■ **Exercise details**:
Where the line with "Asher turned four" appears below, start writing out lines exactly, and finish with the line with "Vektorová ilustrace šťastných", which is included; write out nothing else.
== Supplied information ==
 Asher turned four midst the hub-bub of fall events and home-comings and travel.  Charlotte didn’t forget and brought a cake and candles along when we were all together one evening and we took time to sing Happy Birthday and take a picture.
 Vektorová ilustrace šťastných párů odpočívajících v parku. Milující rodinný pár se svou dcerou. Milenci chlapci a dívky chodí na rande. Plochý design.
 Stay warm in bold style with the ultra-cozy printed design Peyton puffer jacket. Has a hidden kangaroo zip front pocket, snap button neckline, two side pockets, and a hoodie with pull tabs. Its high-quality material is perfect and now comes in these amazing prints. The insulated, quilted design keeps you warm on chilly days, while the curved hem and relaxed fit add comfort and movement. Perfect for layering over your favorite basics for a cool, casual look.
===
== Supplied information ==
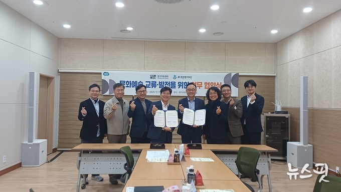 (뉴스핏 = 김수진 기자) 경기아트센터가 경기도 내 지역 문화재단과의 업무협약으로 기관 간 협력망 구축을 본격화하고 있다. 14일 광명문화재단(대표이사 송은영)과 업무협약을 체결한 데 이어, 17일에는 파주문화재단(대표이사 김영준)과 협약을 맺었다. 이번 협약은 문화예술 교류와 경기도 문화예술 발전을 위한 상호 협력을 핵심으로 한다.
===
== Supplied information ==
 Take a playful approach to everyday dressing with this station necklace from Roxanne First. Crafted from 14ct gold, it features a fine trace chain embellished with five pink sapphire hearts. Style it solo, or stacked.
===
■ **Response below**:
 Asher turned four midst the hub-bub of fall events and home-comings and travel.  Charlotte didn’t forget and brought a cake and candles along when we were all together one evening and we took time to sing Happy Birthday and take a picture.
 Vektorová ilustrace šťastných párů odpočívajících v parku. Milující rodinný pár se svou dcerou. Milenci chlapci a dívky chodí na rande. Plochý design.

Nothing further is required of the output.